Main point the bulb to left worked A1, the covers would not fit, but they worked. The bulb to the right had a shimmer when on, and would not switch fully off, but covers would fit over the bulbs.
As
@AndyPRK says, one quartz halogen mixed with the small LED bulbs worked, even with 230 volt bulbs. The G4 are 12 volts, so would need a transformer, there are in general two types, toroidal transformers

have only a maximum output, but the electronic transformer
often have a range one shown 20–60 VA, so the lamps must total over 20 watt and under 60 watt, newer models
have 0–50 VA again as shown, these work similar to the toroidal transformers, except the output in not 50 Hz but in the MHz range, this can if the cables are too long produce RF interference, and it could react with the electronics of the LED bulb, but normally are OK.

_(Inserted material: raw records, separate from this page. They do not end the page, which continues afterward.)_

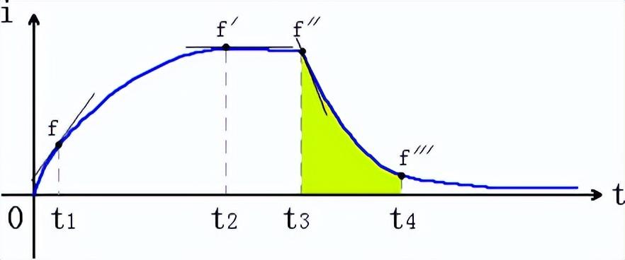 如图1所示,当开关S闭合时,a、b、d构成闭合回路,电源E通过电感产生从小到大的电流i,此时t1(如图2中t1→t2)电流频率趋近高频,根据楞次定律(增反减同),电感产生感应电流方向与原电流i相反,感应电流阻碍i变化,电感感应电流方向为b→a,也就是说电源电流i在电感上转为磁能存储了下来,直到t2时电流i最大,阻碍力也是最大,电感存储的磁能也为最大。再接着t2过后电流倾向平缓,电流频率趋近直流,电感阻碍减弱,多余的电流通过开关,组成闭合回路流向负极。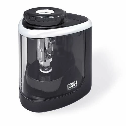 The Möbius & Ruppert Battery Operated Sharpener is made of black transparent plastic. It is ideal for lead and coloured pencils up to 8mm diameter.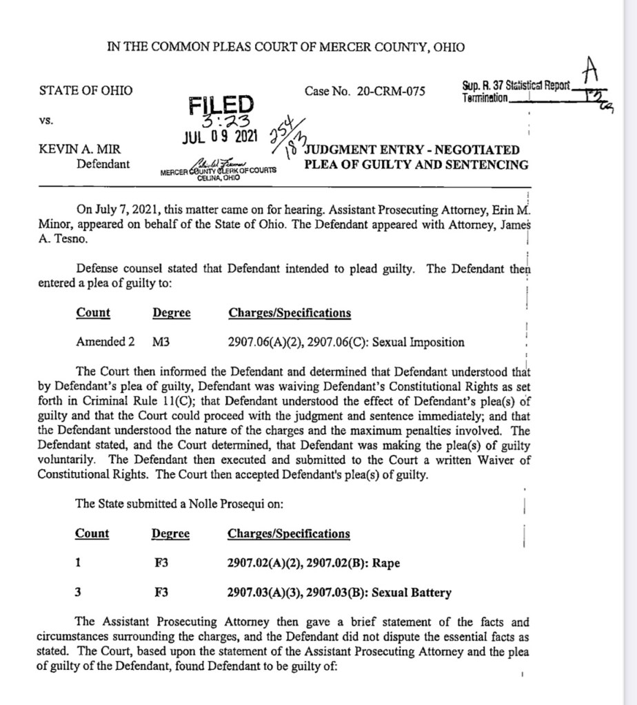 (10-3-20) Kevin Allen Mir (52) of Celina has been arrested on five felony sex related charges.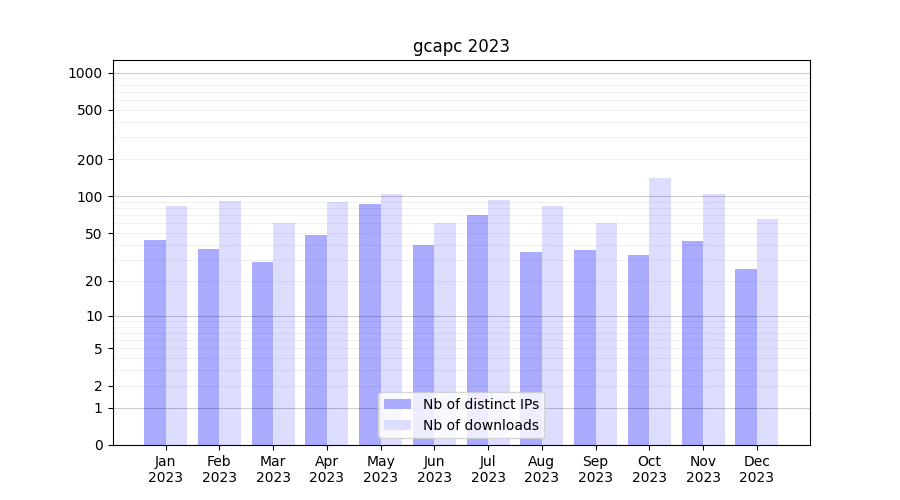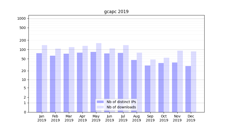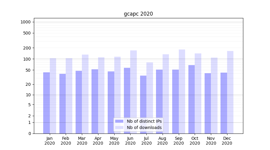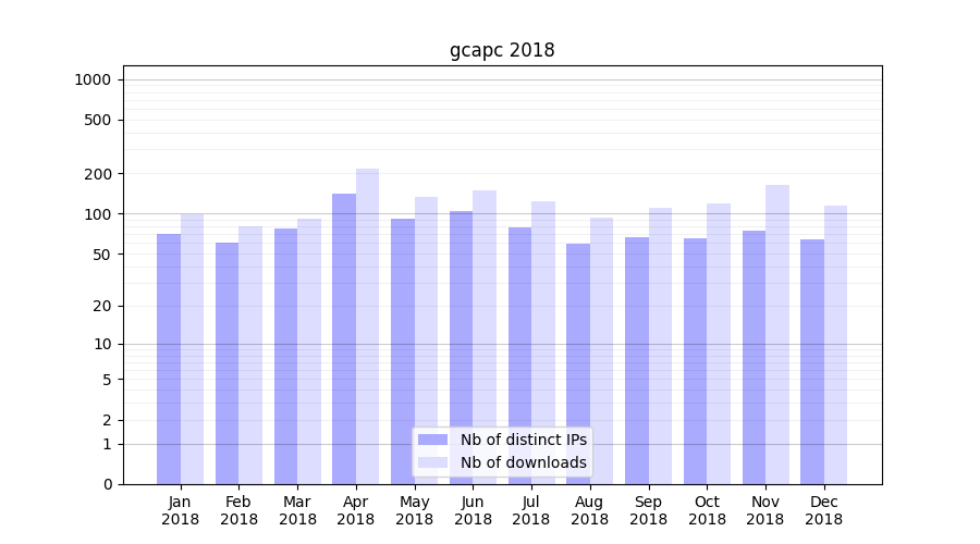 Number of downloads for software package gcapc, year by year, from 2025 back to 2014 (years with no downloads are omitted):

To me the problem is until you try you simply don't know what will work. I have a draw of new bulbs which have not worked, so changed, the quartz G9 came in packs of 10, and I have the small ones which came with the chandelier, I have packs of 10 bulbs bought from Tesco while we could still get tungsten pearl bulbs, I should dump them, unlikely to use them.
It is not helped when the package has a large wattage in equivalent, but the real wattage is in small print.